“Yes, Senhora Joanna, she is in bed,” returned Juliana. “She is in a bad humor to-day,” she continued with a bitter laugh; “she misses her husband.”

Joanna, turning over in her bed, made the worm-eaten boards creak under her weight.

“It is impossible to sleep,” she exclaimed; “it is suffocating.”

“Ah, how comfortable one is here!” cried Juliana, ironically. She opened the skylight in the roof, cast off her cloth slippers, and went out to Joanna’s room; but she remained standing in the doorway without entering: she was the parlor-maid, and avoided familiarities with the cook. With her long neck, and her head tightly bound with a yellow and black handkerchief, her face appeared more wrinkled than ever, and her ears stood out with greater prominence from her head. Her unhealthy leanness gave her a skeleton-like appearance. She folded her arms and began to scratch her elbows softly.

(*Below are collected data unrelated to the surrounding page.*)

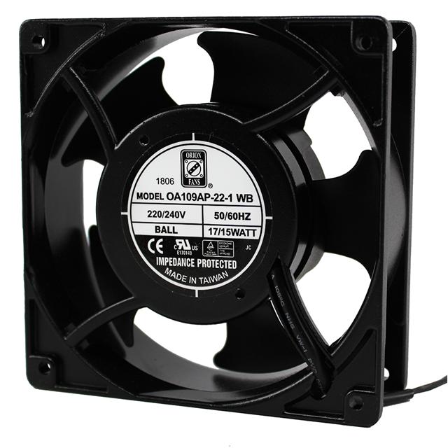 This is manufactured by Orion Fans. The manufacturer part number is OA109AP-22-1WB. It is assigned with possible HTSUS value of 8414.59.6590. The product is rohs3 compliant. Furthermore, the product is 38.50mm wide. The product features power and watts of 15.00w. It has a 110.0 cfm (3.08m³/min) air flow rate. It is approved by ce, curus, tuv, ur. It has noise values of 42.0db. It also exhibits voltage rating of 230vac. In addition, it is reach unaffected. This has integrated with a ball, a bearing with long-lasting features. It provides maximum rpm up to 3000 rpm. The orion fans's product offers user-desired applications. The product has a 0.280 in h2o (69.7 pa) static pressure. The product's diameters include square - 120mm l x 120mm h. The product features 2 wire leads termination style. It has a long 19 weeks standard lead time. Its typical moisture sensitivity level is not applicable. The typical product's weight is 1.2 lbs (544.3 g). The product oa109, is a highly preferred choice for users. The product has -4 ~ 167°f (-20 ~ 75°c) operating temperature range. In addition, box is the available packaging type of the product. The latest designed fan is a type of tubeaxial offering unmatchable applications. Moreover, it corresponds to oa109ap, a base product number of the product. The product is designated with the ear99 code number.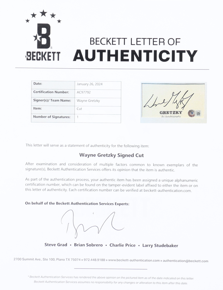 Custom matted display measures 11" x 14" in size and features a cut that has been hand-signed by Wayne Gretzky (New York Rangers, HOF). Please note, there is scuffing on the mat board.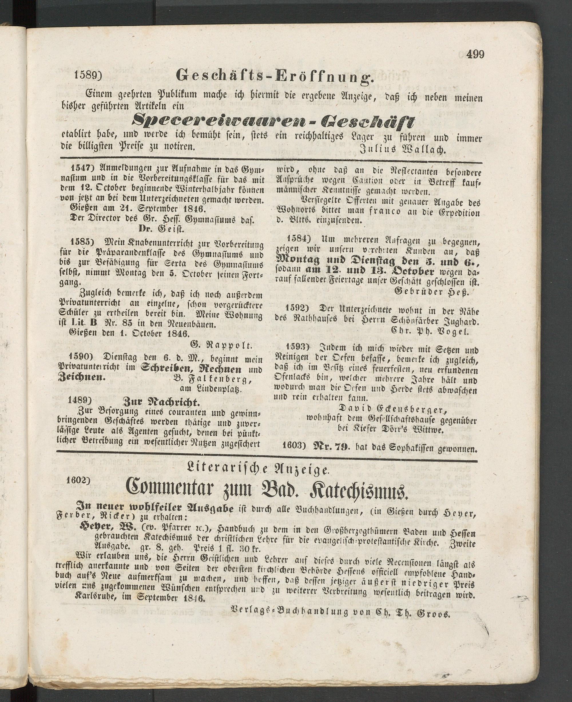 Anzeigeblatt für die Provinzialhauptstadt Gießen. 1840-1867

“Tell me, Senhora Joanna,” she said in discreet tones, “did you notice if that individual stayed long to-day?”

“He went away just as you returned,” replied Joanna.

At the foot of the bed a kerosene lamp, placed on a wooden chair, exhaled its suffocating odor.

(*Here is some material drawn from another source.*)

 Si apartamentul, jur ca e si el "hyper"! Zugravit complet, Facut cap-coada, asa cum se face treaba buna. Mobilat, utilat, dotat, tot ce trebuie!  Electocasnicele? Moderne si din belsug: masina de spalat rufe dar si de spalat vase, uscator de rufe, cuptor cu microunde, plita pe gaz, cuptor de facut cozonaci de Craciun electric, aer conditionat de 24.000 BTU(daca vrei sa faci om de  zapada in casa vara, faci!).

“Oh, this is a hell!” exclaimed Juliana, in a tone of exasperation. “I shall not fall asleep till daylight. Ah, you have a Saint Peter at the head of your bed,” she added abruptly; “is that for devotion?”

“It is the patron saint of my sweetheart,” said the other, turning her large black eyes towards the picture. Then she sat up in bed. She could not endure the heat, she said, and all the evening she had been suffering frightfully from thirst. She got out of bed, and with footsteps that made the floor tremble, went over to a jug of water, and putting it to her lips took a long draught.

“I have been to see the doctor,” said Juliana. “Ah,” she continued with a sigh, “God alone knows what is the matter with me!”